Data shown below:

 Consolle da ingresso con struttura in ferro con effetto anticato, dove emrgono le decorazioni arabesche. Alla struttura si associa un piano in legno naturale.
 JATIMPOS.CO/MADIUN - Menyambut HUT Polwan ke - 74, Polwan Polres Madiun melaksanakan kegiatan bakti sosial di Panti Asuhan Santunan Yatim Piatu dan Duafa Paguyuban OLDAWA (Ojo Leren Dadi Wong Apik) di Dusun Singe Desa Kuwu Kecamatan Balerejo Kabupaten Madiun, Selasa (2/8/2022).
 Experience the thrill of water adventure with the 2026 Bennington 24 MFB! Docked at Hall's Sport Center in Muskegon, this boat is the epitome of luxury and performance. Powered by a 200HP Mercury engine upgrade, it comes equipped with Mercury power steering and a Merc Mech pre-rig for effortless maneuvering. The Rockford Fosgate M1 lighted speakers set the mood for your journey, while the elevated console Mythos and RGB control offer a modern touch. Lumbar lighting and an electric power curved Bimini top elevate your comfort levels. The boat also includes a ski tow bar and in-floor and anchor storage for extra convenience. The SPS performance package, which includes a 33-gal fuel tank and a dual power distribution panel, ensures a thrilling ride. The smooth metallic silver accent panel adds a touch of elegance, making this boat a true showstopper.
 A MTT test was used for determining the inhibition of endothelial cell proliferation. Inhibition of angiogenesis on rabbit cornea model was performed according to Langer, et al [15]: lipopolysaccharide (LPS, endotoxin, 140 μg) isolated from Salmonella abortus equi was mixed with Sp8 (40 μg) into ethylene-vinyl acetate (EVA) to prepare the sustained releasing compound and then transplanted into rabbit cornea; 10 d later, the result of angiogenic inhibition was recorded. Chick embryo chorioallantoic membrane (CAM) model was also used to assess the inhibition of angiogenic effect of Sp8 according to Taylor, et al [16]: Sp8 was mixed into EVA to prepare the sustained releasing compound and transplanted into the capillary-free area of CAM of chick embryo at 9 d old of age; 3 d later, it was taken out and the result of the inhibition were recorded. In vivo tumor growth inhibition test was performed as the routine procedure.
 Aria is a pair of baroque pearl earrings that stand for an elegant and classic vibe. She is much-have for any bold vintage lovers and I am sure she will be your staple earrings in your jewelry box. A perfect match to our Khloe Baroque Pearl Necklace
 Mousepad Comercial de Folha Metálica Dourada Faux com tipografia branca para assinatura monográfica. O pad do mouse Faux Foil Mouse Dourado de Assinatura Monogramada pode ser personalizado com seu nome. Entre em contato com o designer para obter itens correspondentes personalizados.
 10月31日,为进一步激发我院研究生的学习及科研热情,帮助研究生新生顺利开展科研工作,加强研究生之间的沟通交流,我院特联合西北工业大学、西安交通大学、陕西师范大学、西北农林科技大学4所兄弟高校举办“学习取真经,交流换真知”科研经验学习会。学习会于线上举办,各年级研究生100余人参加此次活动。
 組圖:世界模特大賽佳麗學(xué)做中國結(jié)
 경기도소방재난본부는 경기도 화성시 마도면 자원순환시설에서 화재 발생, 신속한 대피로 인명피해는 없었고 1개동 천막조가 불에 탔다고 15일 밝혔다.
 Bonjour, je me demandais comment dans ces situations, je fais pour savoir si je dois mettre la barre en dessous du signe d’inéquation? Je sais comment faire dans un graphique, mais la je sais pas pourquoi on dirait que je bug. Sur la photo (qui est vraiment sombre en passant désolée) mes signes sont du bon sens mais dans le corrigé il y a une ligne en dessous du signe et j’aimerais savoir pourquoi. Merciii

End of Data shown.

### Exercise objective
Repeat the listing. Keep each line precisely as shown.

### Answer
 Consolle da ingresso con struttura in ferro con effetto anticato, dove emrgono le decorazioni arabesche. Alla struttura si associa un piano in legno naturale.
 JATIMPOS.CO/MADIUN - Menyambut HUT Polwan ke - 74, Polwan Polres Madiun melaksanakan kegiatan bakti sosial di Panti Asuhan Santunan Yatim Piatu dan Duafa Paguyuban OLDAWA (Ojo Leren Dadi Wong Apik) di Dusun Singe Desa Kuwu Kecamatan Balerejo Kabupaten Madiun, Selasa (2/8/2022).
 Experience the thrill of water adventure with the 2026 Bennington 24 MFB! Docked at Hall's Sport Center in Muskegon, this boat is the epitome of luxury and performance. Powered by a 200HP Mercury engine upgrade, it comes equipped with Mercury power steering and a Merc Mech pre-rig for effortless maneuvering. The Rockford Fosgate M1 lighted speakers set the mood for your journey, while the elevated console Mythos and RGB control offer a modern touch. Lumbar lighting and an electric power curved Bimini top elevate your comfort levels. The boat also includes a ski tow bar and in-floor and anchor storage for extra convenience. The SPS performance package, which includes a 33-gal fuel tank and a dual power distribution panel, ensures a thrilling ride. The smooth metallic silver accent panel adds a touch of elegance, making this boat a true showstopper.
 A MTT test was used for determining the inhibition of endothelial cell proliferation. Inhibition of angiogenesis on rabbit cornea model was performed according to Langer, et al [15]: lipopolysaccharide (LPS, endotoxin, 140 μg) isolated from Salmonella abortus equi was mixed with Sp8 (40 μg) into ethylene-vinyl acetate (EVA) to prepare the sustained releasing compound and then transplanted into rabbit cornea; 10 d later, the result of angiogenic inhibition was recorded. Chick embryo chorioallantoic membrane (CAM) model was also used to assess the inhibition of angiogenic effect of Sp8 according to Taylor, et al [16]: Sp8 was mixed into EVA to prepare the sustained releasing compound and transplanted into the capillary-free area of CAM of chick embryo at 9 d old of age; 3 d later, it was taken out and the result of the inhibition were recorded. In vivo tumor growth inhibition test was performed as the routine procedure.
 Aria is a pair of baroque pearl earrings that stand for an elegant and classic vibe. She is much-have for any bold vintage lovers and I am sure she will be your staple earrings in your jewelry box. A perfect match to our Khloe Baroque Pearl Necklace
 Mousepad Comercial de Folha Metálica Dourada Faux com tipografia branca para assinatura monográfica. O pad do mouse Faux Foil Mouse Dourado de Assinatura Monogramada pode ser personalizado com seu nome. Entre em contato com o designer para obter itens correspondentes personalizados.
 10月31日,为进一步激发我院研究生的学习及科研热情,帮助研究生新生顺利开展科研工作,加强研究生之间的沟通交流,我院特联合西北工业大学、西安交通大学、陕西师范大学、西北农林科技大学4所兄弟高校举办“学习取真经,交流换真知”科研经验学习会。学习会于线上举办,各年级研究生100余人参加此次活动。
 組圖:世界模特大賽佳麗學(xué)做中國結(jié)
 경기도소방재난본부는 경기도 화성시 마도면 자원순환시설에서 화재 발생, 신속한 대피로 인명피해는 없었고 1개동 천막조가 불에 탔다고 15일 밝혔다.
 Bonjour, je me demandais comment dans ces situations, je fais pour savoir si je dois mettre la barre en dessous du signe d’inéquation? Je sais comment faire dans un graphique, mais la je sais pas pourquoi on dirait que je bug. Sur la photo (qui est vraiment sombre en passant désolée) mes signes sont du bon sens mais dans le corrigé il y a une ligne en dessous du signe et j’aimerais savoir pourquoi. Merciii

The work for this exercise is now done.